Approximated approximations

[artofscience]

We can currently do:

intvar = MixedIntervening(problem.n, problem.m + 1, default=Linear())
intvar.set_intervening(MMA(), var=1)
approx = Taylor1(intvar)
subproblem = Subproblem(approx)

To make the approximated approximations we "only" need to do:

intvar = MixedIntervening(problem.n, problem.m + 1, default=Linear())
intvar.set_intervening(MMA(), var=1)
approx = Taylor1(intvar)
approx_of_approx = Taylor2(approx)
subproblem = Subproblem(approx_of_approx))

This means we need to make Approximation accept Approximation.

How can we do this?

[artofscience]

Note the intervening object holds the y and dy methods, and the Approximation holds the g and dg methods. Basically both are functions and their derivatives, maybe give them the same name?

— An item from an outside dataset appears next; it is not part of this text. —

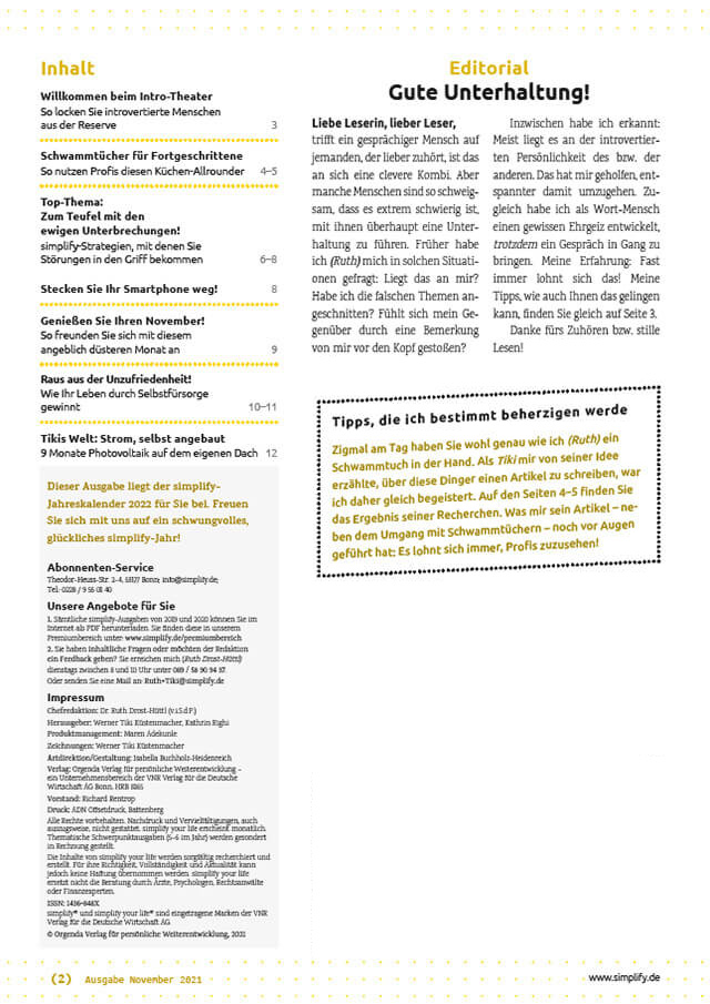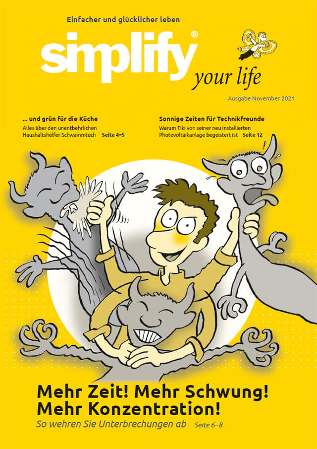 "simplify your life" erscheint jeden Monat im bequemen Abonnement. Zusätzlich veröffentlichen wir jährlich 6 exklusive Themenschwerpunkte. Noch einmal: Das Abonnement können Sie jederzeit kündigen. Und zwar ohne Angabe von Gründen.

Then Approximation only needs to accept "an object" that has these methods.

[artofscience]

Short discussion with Arnoud gave some conclusions; what we could do is something like:

subprob1 = Subproblem(Taylor1(Reciprocal())) subprob2 = Subproblem(Taylor2())

while not converged:

  f = problem.g(x)
  df = problem.dg(x)
  subproblem1.build(x,f,df)

  ddf = subproblem1.ddg(x)
  subproblem2.build(x,f,df,ddf)

  x = solver(subproblem2)